Predictive Validity and Prior Baselines
The real kicker on stereotype threat, and why it can’t explain group differences, is that it is a NEGATIVE effect relative to a prior baseline.
They always take selected demographic groups, matched for SAT scores or some other test scores, and then by using some sort of “prime”, push down the black or hispanic from what you would expect based on their real world score. And they always run a control, which has no race or gender prime, which almost always shows scores in line with each group’s prior SAT scores.
What this means is that the control group (no stereotype threat) in these laboratory experiments is precisely the group that most closely matches the real world scores! The control group in Steele and Aaronson scored at precisely what their prior SAT scores would predict!
But beyond that, analysis of SAT scores and college performance show that racial groups perform roughly the same in college for the same SAT score – in fact they slightly overpredict black and hispanic college performance relative to whites. So if they face stereotype threat on the SAT, do they also face the same relative amount of stereotype threat on average on all academic tasks in their college career?
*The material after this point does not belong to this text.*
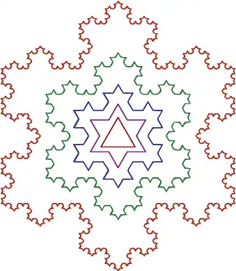 Снежинка рисуется рекурсивным образом. Сначала она выглядит как треугольник. Затем на сторонах этого треугольника рисуются треугольные выступы. Получается шеcтиконечная звезда. На сторонах этой звезды снова рисуются треугольные выступы (см. синюю фигуру). Процесс наращивания треугольных выступов можно продолжить до бесконечности и получить в пределе вполне корректно определённое множество точек на плоскости.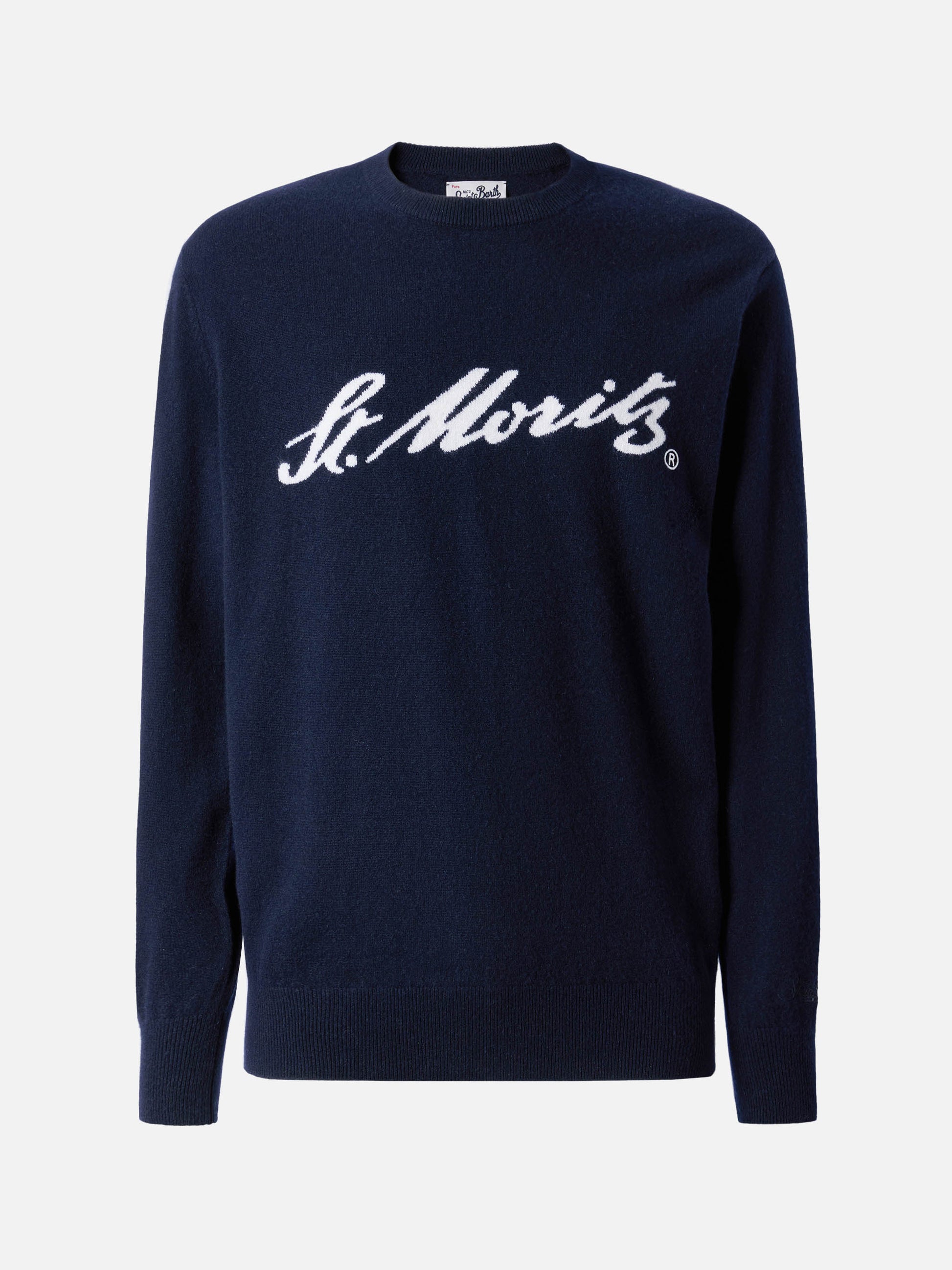 Heron Light sweater in 100% blue CASHMERE with St. Moritz intarsia | ST. MORITZ TOP OF THE WORLD

The same thing can be said about ASVAB test scores by race and performance in the military, and about IQ tests and high school grades. They all predict roughly the same for all racial groups, if not slightly overpredicting for blacks and hispanics.
Now the one knock on this is that females perform better than males in college for any given SAT score – does that mean female scores are depressed by stereotype threat? Well all the other evidence says not, and there are some plausible explanations for why females would get better grades for any given SAT score that could be explored: more diligence, better organization, more conformity, less interest in videogames, etc.
The only way I can see one squaring the predictive validity of stereotype threat, with the fact that real-world scores are the same as the control condition scores in these lab experiments – would be to claim that stereotype threat is so pervasive that it exists even in the “control” example and in the real world example – but it can never be measured because it’s always there and there isn’t a “no stereotype threat” condition anywhere in reality.
Such a view, however, is completely untestable and thus completely unscientific.